Since college I’ve slowly been transitioning from the many gigabytes of mp3’s stored on my computer to a more “modern” approach to listening. My first foray into streaming services started with Pandora which I honestly loved for a long time. It fit very well with my hands-off approach to listening to music and introduced me to artists I’d never listened to before.
Unfortunately after listening to Pandora for 10+ years, I started noticing a lot of the same songs popping up. I couldn’t figure out if it was because their music library wasn’t changing and expanding or the algorithm had become “stuck” in a rut. In any case, I decided to start exploring other streaming services to see what was out there.
I started with Spotify and tried to use it exactly like I did with Pandora. I was like, “wait a second, I have to find a playlist I want to listen to or create my own… Next!” I quickly rifled through pretty much all of the streaming services, but each of them had a quirk or two that just didn’t sit right with me.
I was up to my gills in free trials, but felt like nothing was going to actually work. I thought to myself, “maybe I should crawl back to Pandora and beg for them to take me back”. That was when I noticed a shimmer of hope.

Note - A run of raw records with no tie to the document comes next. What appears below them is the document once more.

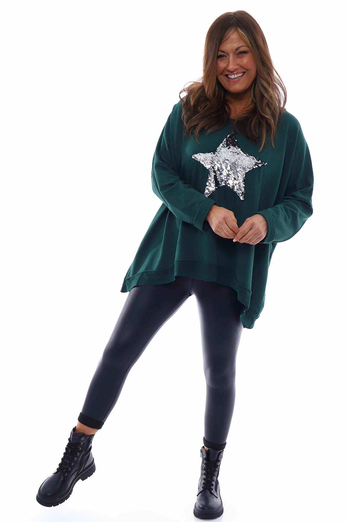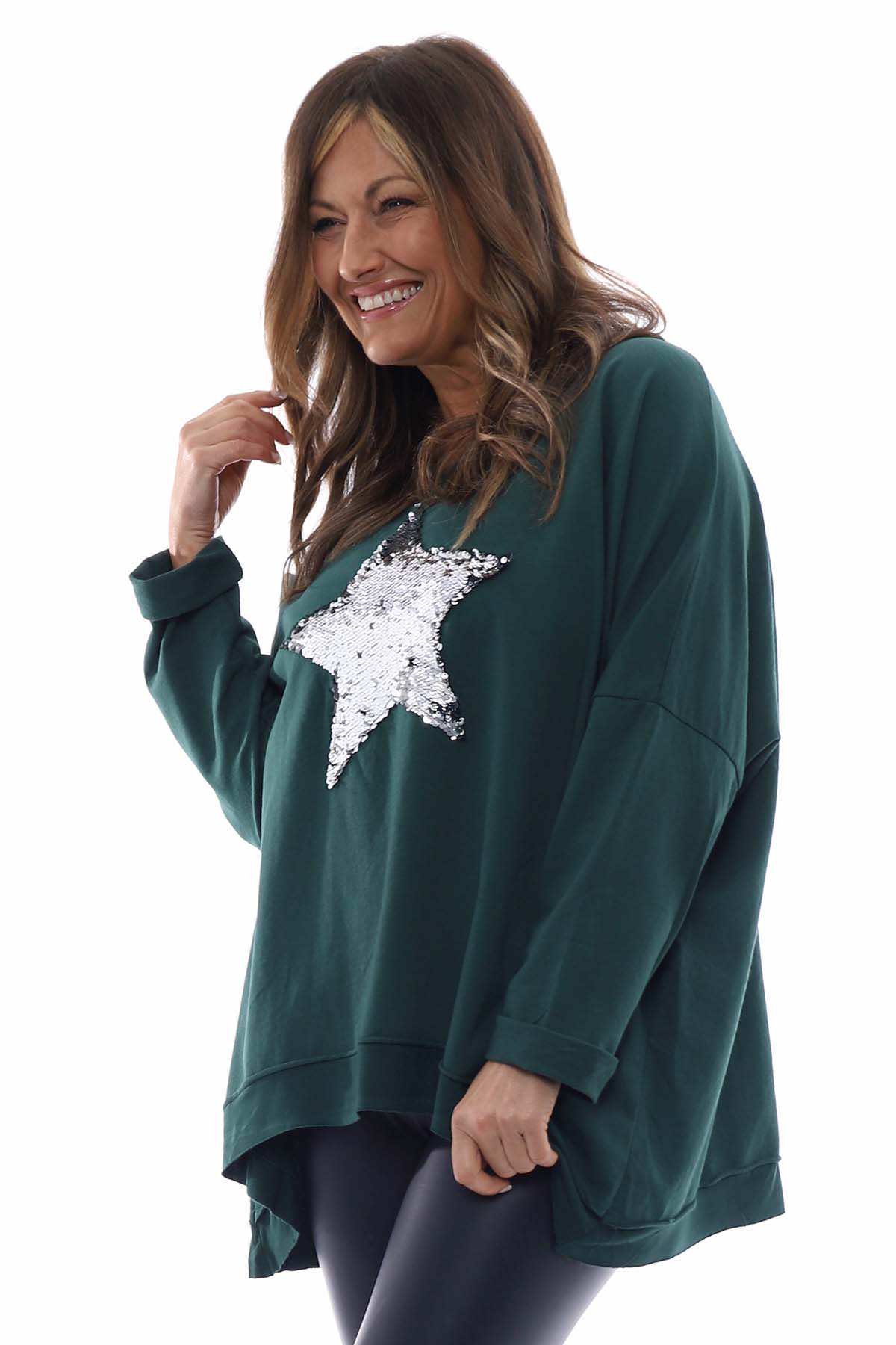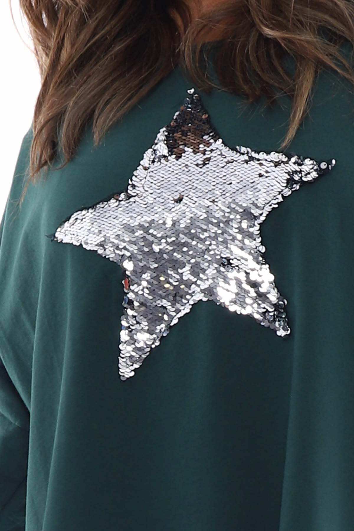 Selsey Sequin Star Cotton Top Bottle Green Bottle Green - Selsey Sequin Star Cotton Top Bottle Green Bottle Green
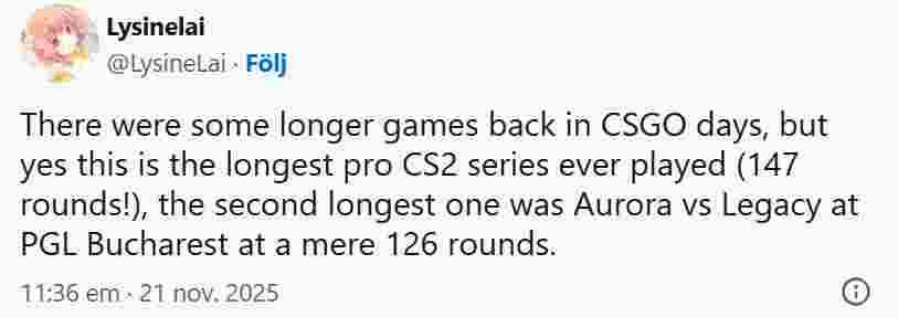 甚至,这可能是CS2历史上最曲折的一场比赛。这场总计打满147回合的较量,被认为是CS2历史上耗时最长的比赛。
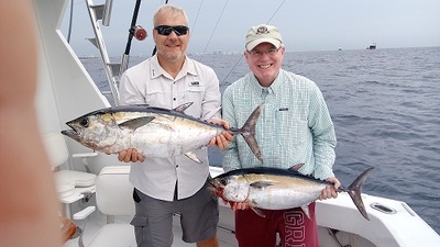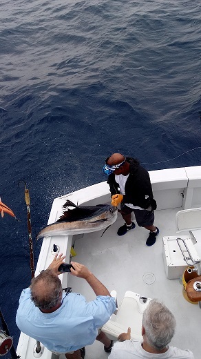 All of a sudden we got a double header strike which ended up being a couple of 30 pound Blackfin Tunas. Bob and John were the anglers. Dave, our mate, gaffed the Tunas and put them in the fishbox. We continued fishing and ended up catching a good size Kingfish.
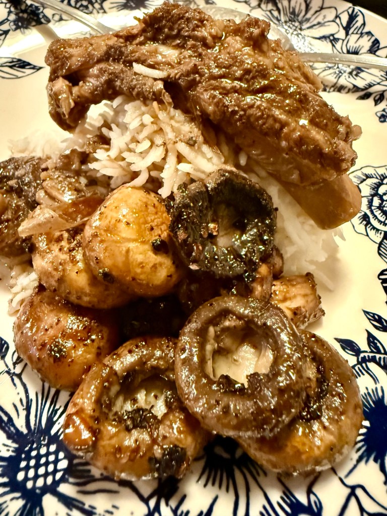 biyernesSilog: nagluto ako ng pork baby back ribs adobeedoobeedoo – dry sweety, not soupy. tapos, sinamahan ko ng ginisang kabute, gamit yung latak na mantika sa adobo. walandyo, ang sarap, mang boy. pwede nang ihain sa ma mom luk. #FloridaManDurukot
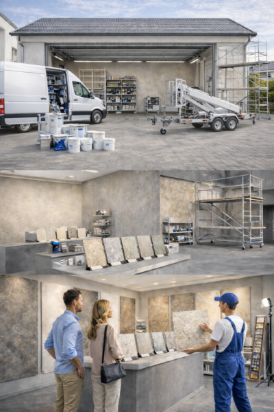 showroom deko stěrek, kde klienti mohou vybírat finální designové řešení •
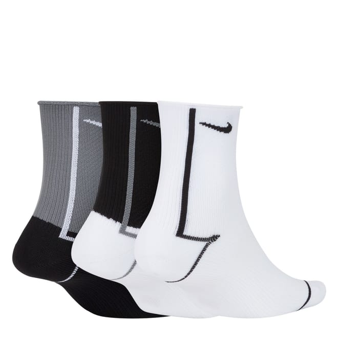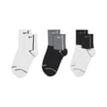 Nike quarter trainer socks are designed for activewear enthusiasts. Featuring a stylish color block pattern, these socks offer a comfortable fit for your workouts. The iconic logo embellishment adds a touch of brand recognition, making them a perfect choice for those who value both performance and style. -
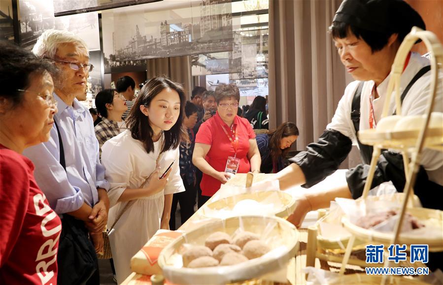5月10日,观众在活动现场观看糕点制作。
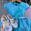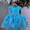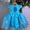 Confeccionado em tecido misto possui forro em poliéster e algodão para não incomodar a criança e proporcionando um caimento incrível e sofisticado, possui gola redonda, comprimento médio, mangas curtas, possui elástico nas costas para melhor ajuste, todo com glitter e acabamento com lindo laço na parte posterior do vestido completa o look dos sonhos!
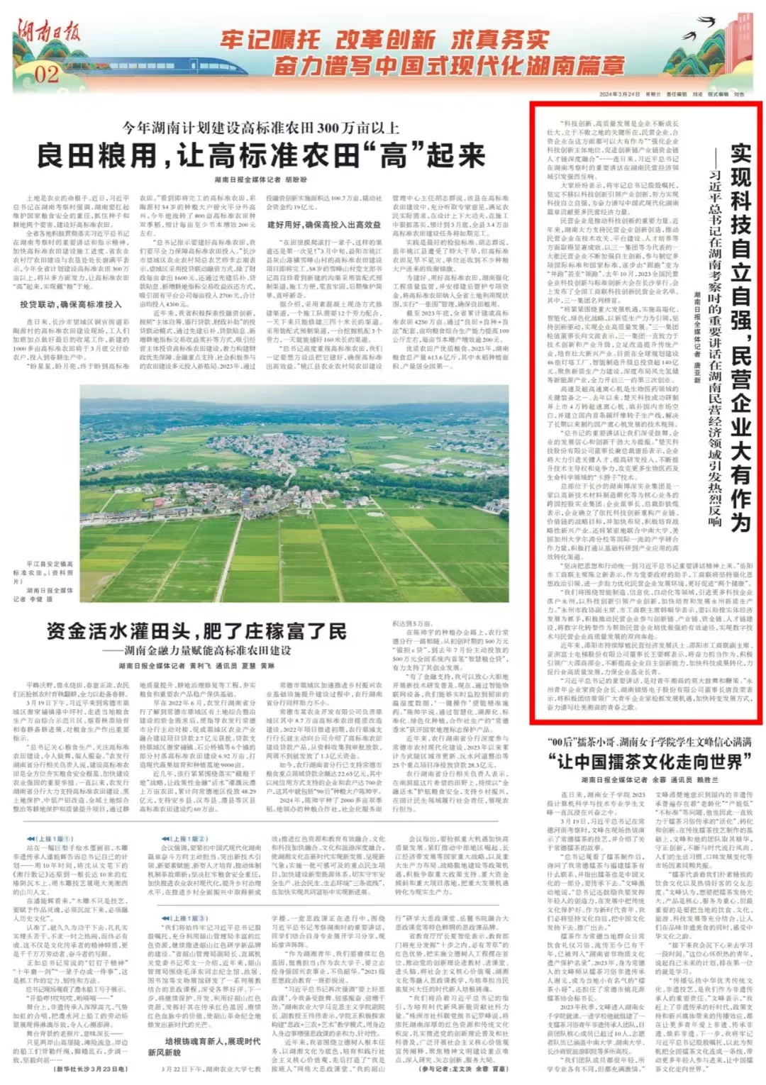 3月24日,《湖南日报》刊发《实现科技自立自强,民营企业大有作为》,深度报道习近平总书记在湖南考察时的重要讲话在湖南民营经济领域引发热烈反响,其中重点关注三一集团作为民营企业的创新先锋,加速发展新质生产力,为产业现代化转型注入新动能。
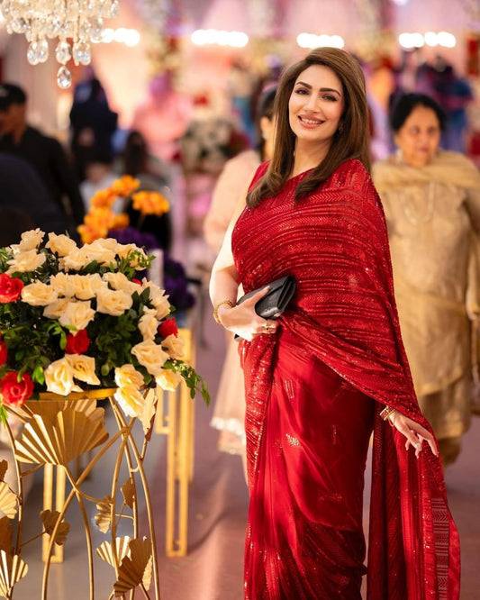 Red Party Wear Sequins Work Saree & Work Blouse Week Special Edition Women Saree
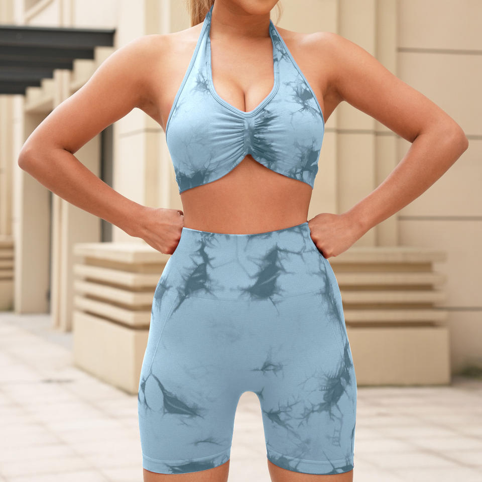 2023 Women's Seamless Summer Yoga Suit Set Sexy Hanging Neck Exposed Back Sports Bra with High Waist Hip-Lifting Shorts Set
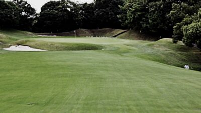 アップダウンが激しく顎の高いバンカーは厳しく難しく砂の量が少し遠慮気味のコースです。

Spotify had an API! (Here’s the wiki on APIs, just in case)
After poking around the Spotify API, my hypothesis started to form.
Accomplishing this would allow me to take advantage of Spotify’s huge music library and prevent me from having to sift through playlists or suffer through Spotify’s half-witted attempt at an artist radio.
I told you I took my music seriously…
Let’s dig in.
Discovering Spotify’s Data
After an initial look at the data available, there were two areas that looked most promising: related artists and genres. Now this might not sound like a lot but, as I’ll try to show, just these two pieces of information can create something pretty compelling.
But first, it might make sense to quickly talk about how Pandora’s radio works.
What Does Pandora Do?
Pandora is driven by something called the Music Genome Project. This is a project that uses around 450 musical attributes to distinguish, group, and recommend songs to Pandora’s users. Each song is broken down, not by genre or era, but by how the song sounds. Is the song slow? What is the time-signature? Is there singing or is it just instrumental? Is the song happy or sad (major or minor keys)? These are just some examples of what may be included in the 450 musical attributes.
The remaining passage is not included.